- Problem statement:
An exact transcription is needed, starting at the line containing "2、进入游戏的地图界面后,选" and running through the last line of the records, with every picture left out.

Stored data:
★ ★ ★ ★ ★ ★ ★
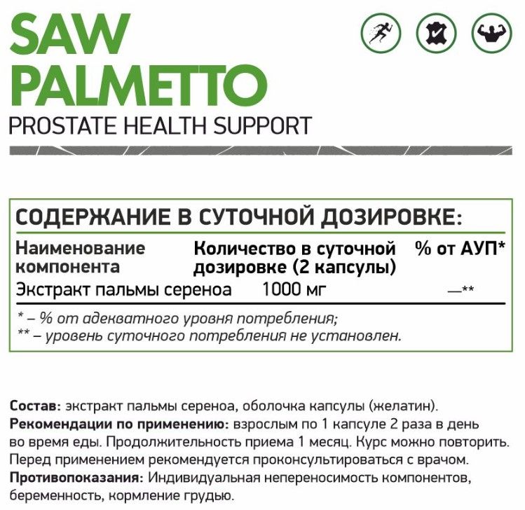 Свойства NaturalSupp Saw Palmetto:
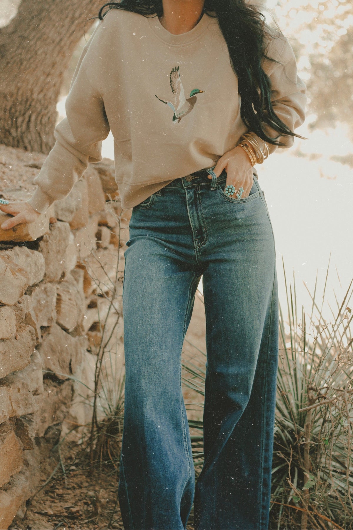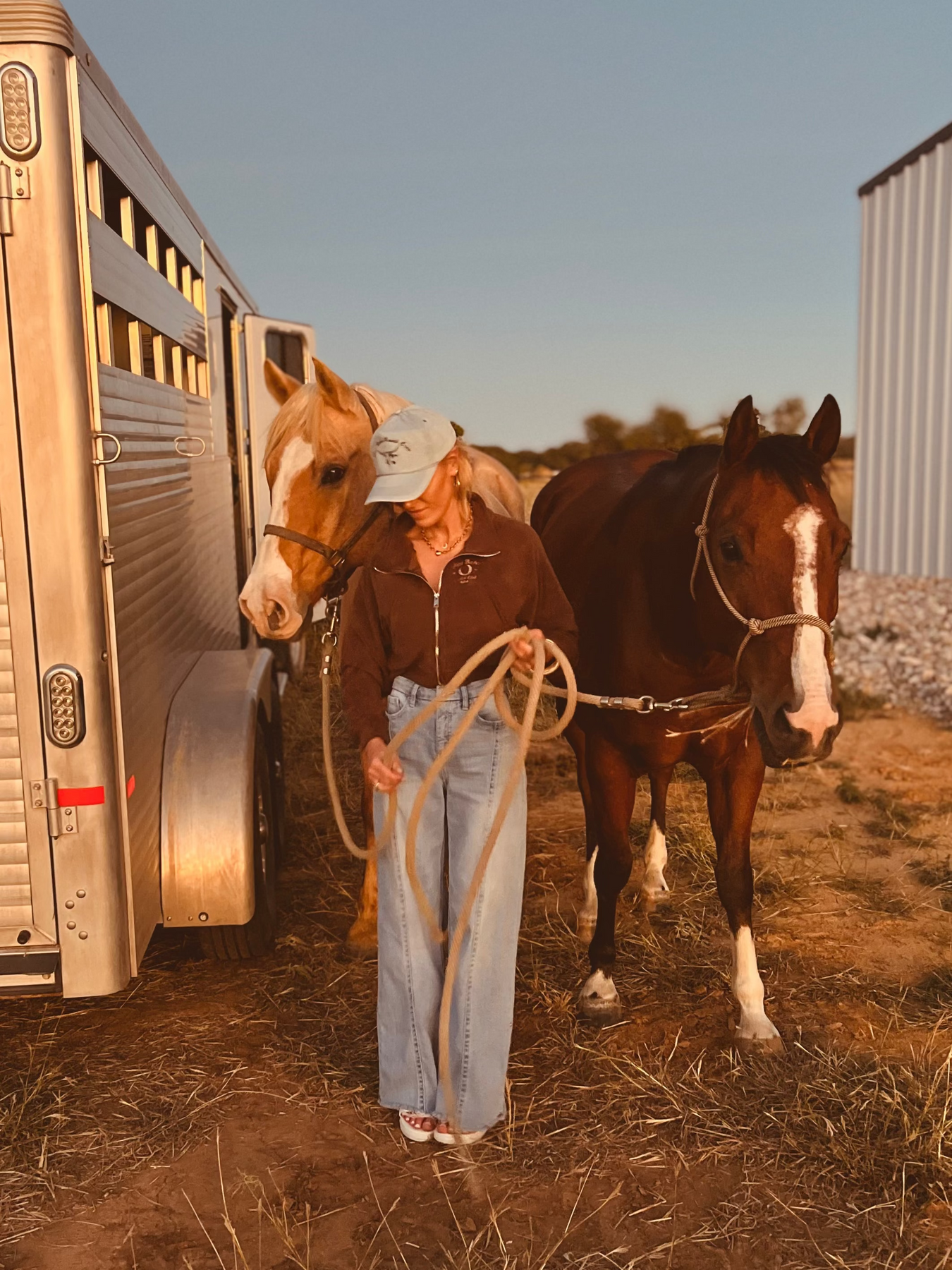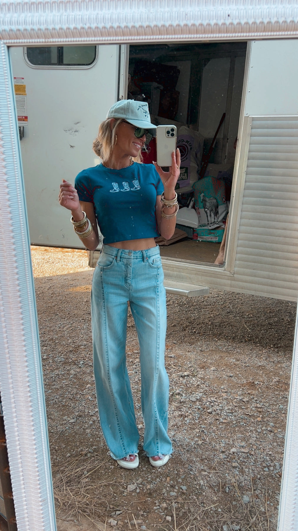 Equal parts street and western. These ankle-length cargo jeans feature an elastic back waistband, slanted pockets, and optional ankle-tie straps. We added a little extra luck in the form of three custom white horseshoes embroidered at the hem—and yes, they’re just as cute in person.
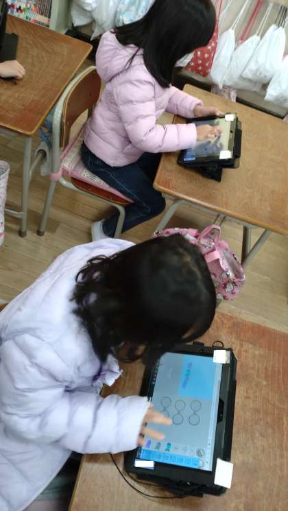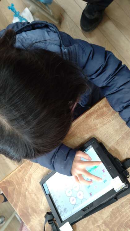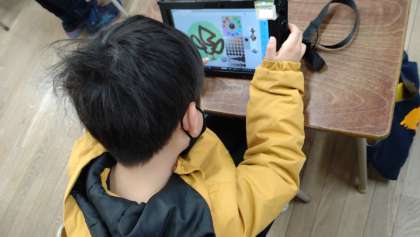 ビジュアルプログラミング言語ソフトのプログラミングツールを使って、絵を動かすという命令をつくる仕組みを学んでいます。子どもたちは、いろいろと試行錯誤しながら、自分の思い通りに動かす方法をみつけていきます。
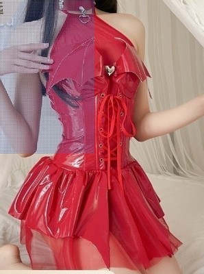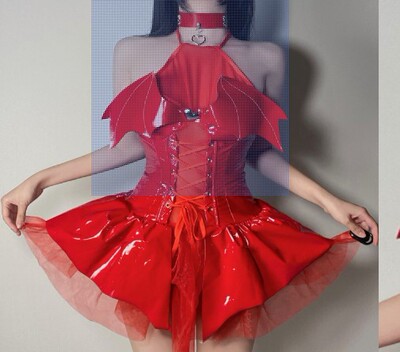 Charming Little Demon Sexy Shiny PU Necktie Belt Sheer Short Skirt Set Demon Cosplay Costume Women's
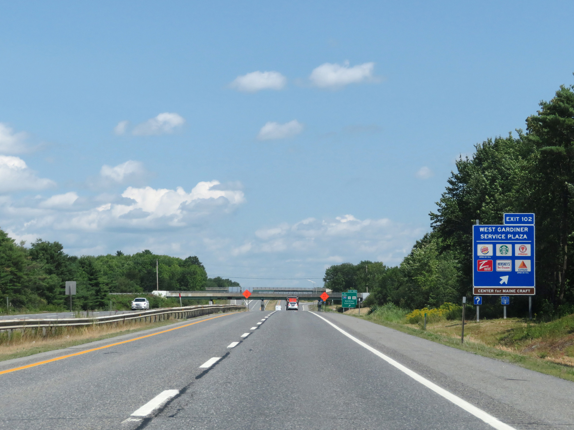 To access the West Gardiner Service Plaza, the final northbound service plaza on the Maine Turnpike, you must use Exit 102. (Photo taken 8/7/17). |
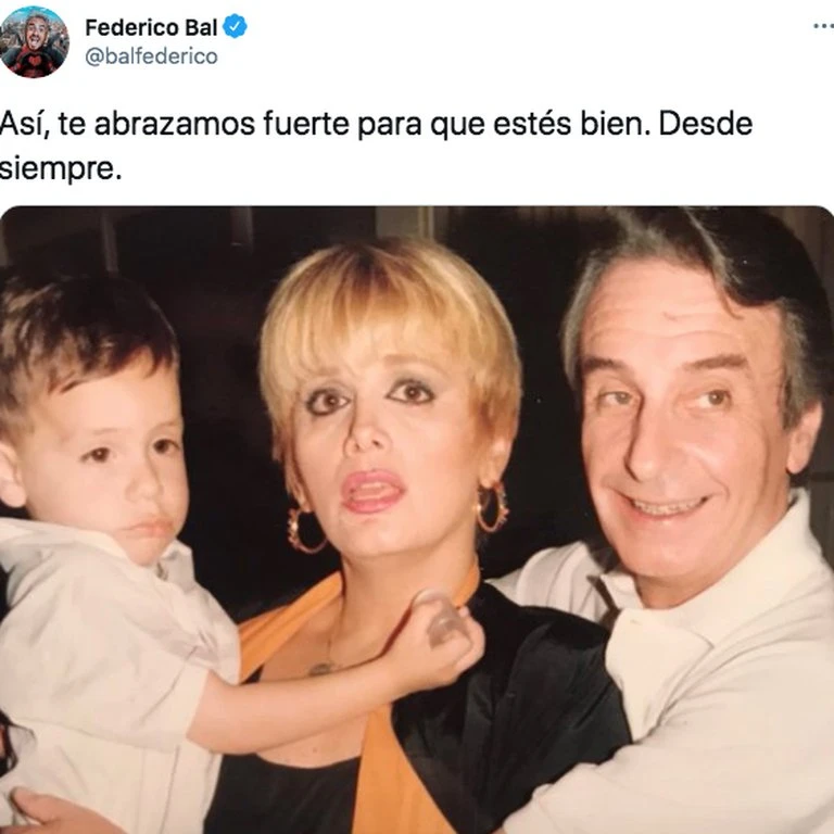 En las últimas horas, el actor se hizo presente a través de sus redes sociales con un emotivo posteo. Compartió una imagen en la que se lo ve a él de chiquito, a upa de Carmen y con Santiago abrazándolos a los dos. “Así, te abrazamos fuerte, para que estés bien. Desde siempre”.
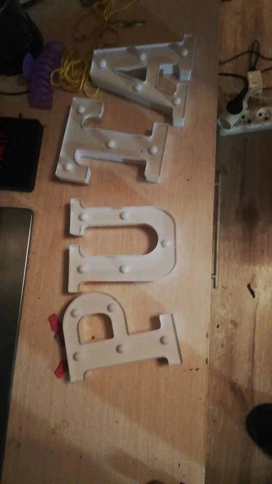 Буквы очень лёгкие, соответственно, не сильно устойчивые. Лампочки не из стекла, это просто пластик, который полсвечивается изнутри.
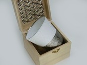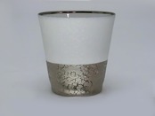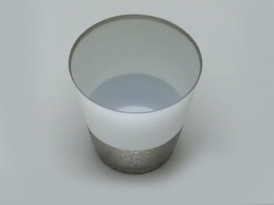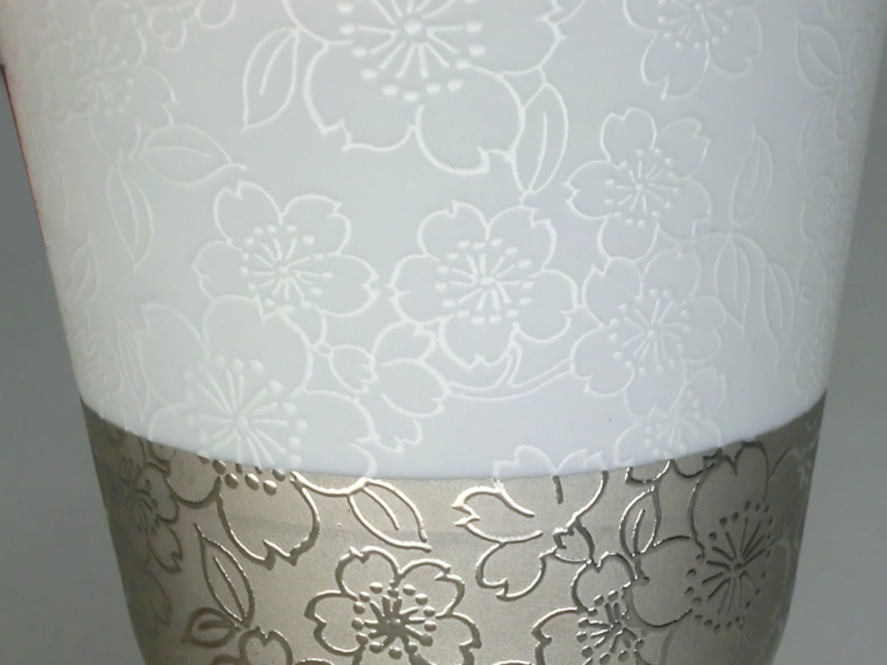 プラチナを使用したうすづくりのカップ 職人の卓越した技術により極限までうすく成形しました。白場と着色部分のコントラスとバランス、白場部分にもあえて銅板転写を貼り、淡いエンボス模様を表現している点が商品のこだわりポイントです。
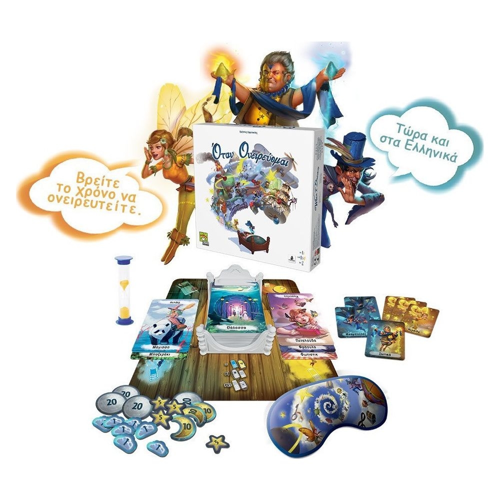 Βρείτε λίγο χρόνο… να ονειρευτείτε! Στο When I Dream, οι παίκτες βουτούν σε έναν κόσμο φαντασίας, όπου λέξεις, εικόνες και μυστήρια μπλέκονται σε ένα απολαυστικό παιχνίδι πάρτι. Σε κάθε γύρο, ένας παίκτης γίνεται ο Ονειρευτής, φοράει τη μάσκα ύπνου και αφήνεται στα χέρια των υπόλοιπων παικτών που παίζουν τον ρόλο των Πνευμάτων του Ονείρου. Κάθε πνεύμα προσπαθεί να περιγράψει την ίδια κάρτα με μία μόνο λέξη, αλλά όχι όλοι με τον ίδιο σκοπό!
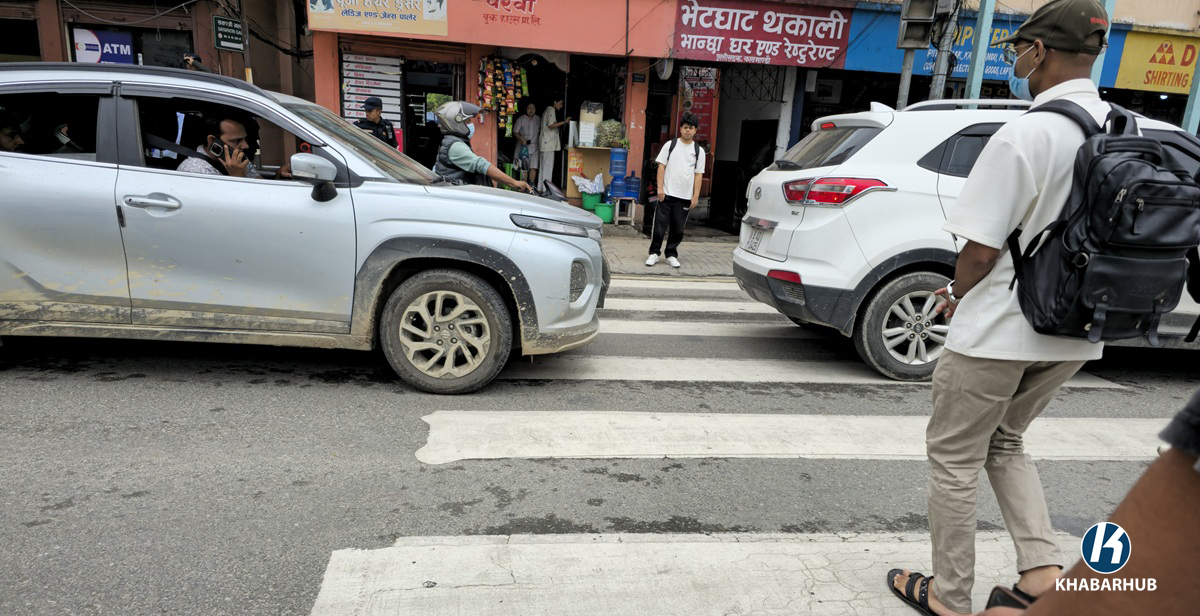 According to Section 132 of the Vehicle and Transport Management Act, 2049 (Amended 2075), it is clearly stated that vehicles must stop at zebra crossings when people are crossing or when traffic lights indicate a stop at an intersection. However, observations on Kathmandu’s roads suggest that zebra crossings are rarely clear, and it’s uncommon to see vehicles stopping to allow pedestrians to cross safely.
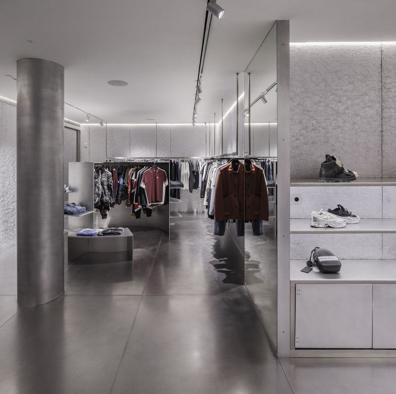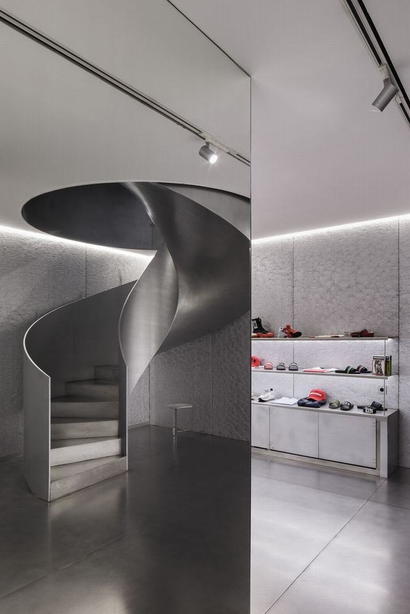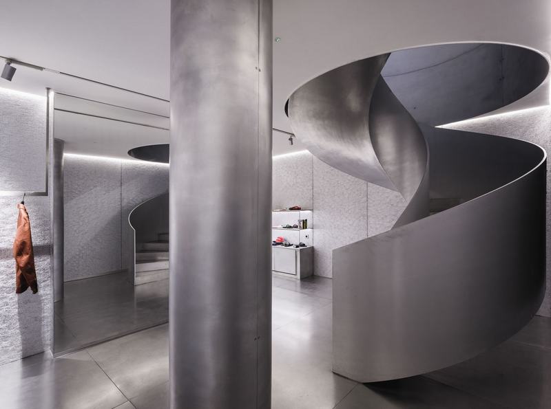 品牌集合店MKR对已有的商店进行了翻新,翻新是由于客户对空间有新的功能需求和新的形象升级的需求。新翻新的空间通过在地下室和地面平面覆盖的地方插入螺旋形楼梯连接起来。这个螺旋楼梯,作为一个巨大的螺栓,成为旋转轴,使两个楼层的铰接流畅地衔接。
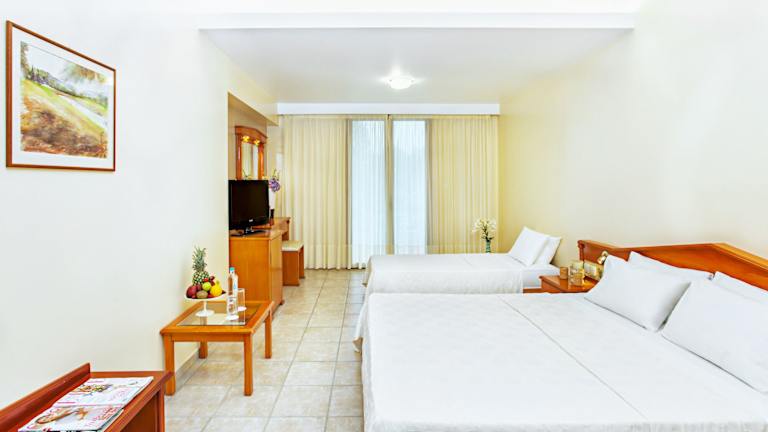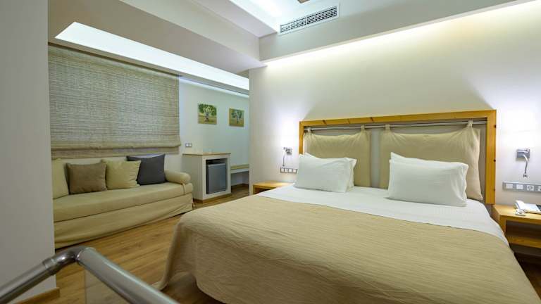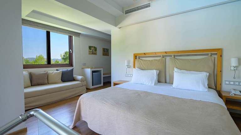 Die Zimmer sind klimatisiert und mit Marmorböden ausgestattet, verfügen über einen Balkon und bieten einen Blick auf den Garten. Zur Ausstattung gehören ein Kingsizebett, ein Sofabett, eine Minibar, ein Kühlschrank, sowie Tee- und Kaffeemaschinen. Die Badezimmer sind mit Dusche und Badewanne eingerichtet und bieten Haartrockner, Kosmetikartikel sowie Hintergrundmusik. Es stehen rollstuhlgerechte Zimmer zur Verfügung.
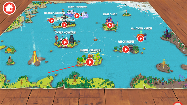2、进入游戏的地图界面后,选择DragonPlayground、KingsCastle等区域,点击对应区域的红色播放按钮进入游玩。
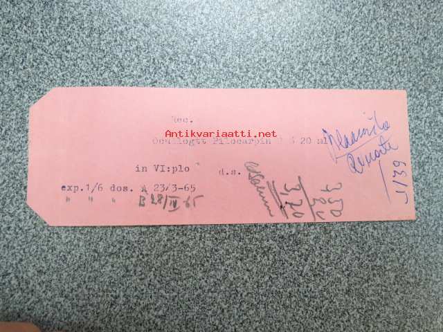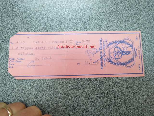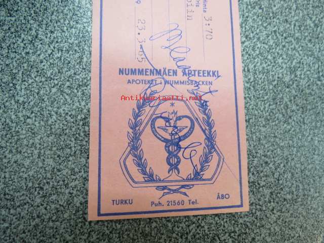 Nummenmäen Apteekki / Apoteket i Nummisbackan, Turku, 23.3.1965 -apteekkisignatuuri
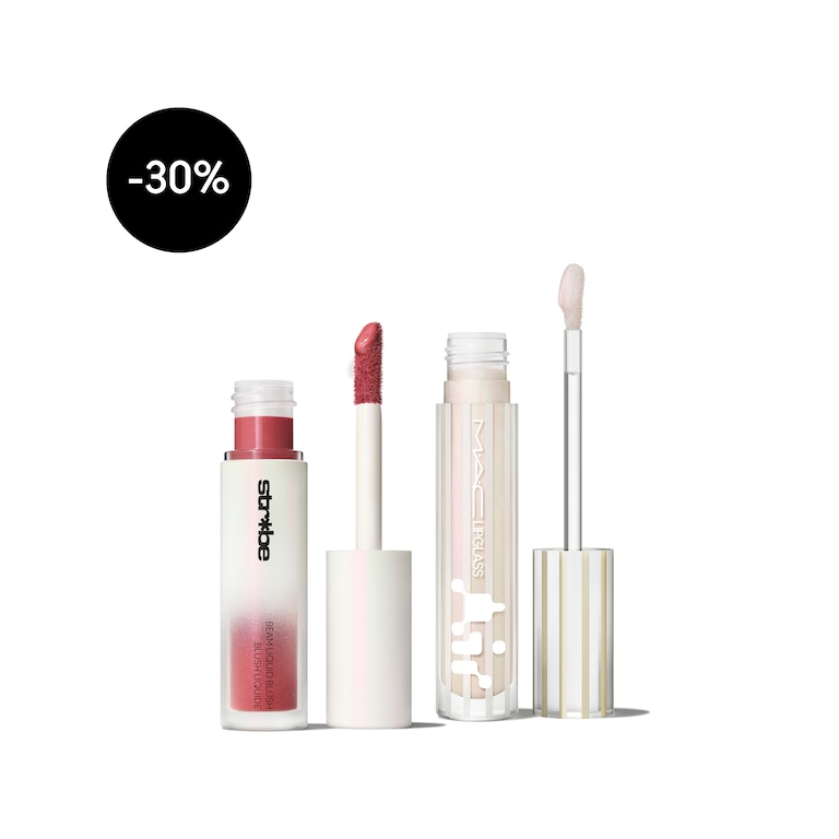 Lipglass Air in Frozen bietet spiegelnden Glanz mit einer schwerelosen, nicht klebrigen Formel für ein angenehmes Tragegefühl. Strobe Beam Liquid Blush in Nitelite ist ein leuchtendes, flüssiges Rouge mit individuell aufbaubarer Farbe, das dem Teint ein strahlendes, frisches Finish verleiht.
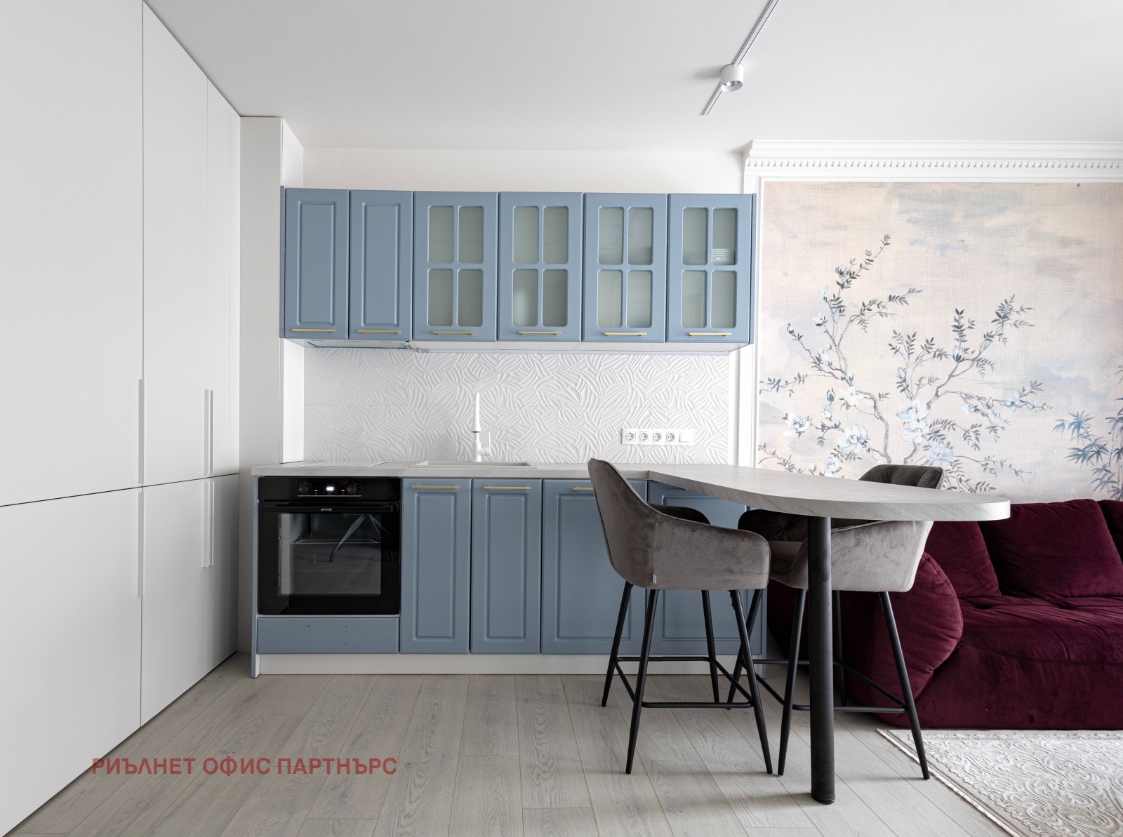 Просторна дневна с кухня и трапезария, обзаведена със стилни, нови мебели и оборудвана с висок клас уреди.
★ ★ ★ ★ ★ ★ ★
- Exercise result:
2、进入游戏的地图界面后,选择DragonPlayground、KingsCastle等区域,点击对应区域的红色播放按钮进入游玩。
 Nummenmäen Apteekki / Apoteket i Nummisbackan, Turku, 23.3.1965 -apteekkisignatuuri
 Lipglass Air in Frozen bietet spiegelnden Glanz mit einer schwerelosen, nicht klebrigen Formel für ein angenehmes Tragegefühl. Strobe Beam Liquid Blush in Nitelite ist ein leuchtendes, flüssiges Rouge mit individuell aufbaubarer Farbe, das dem Teint ein strahlendes, frisches Finish verleiht.
 Просторна дневна с кухня и трапезария, обзаведена със стилни, нови мебели и оборудвана с висок клас уреди.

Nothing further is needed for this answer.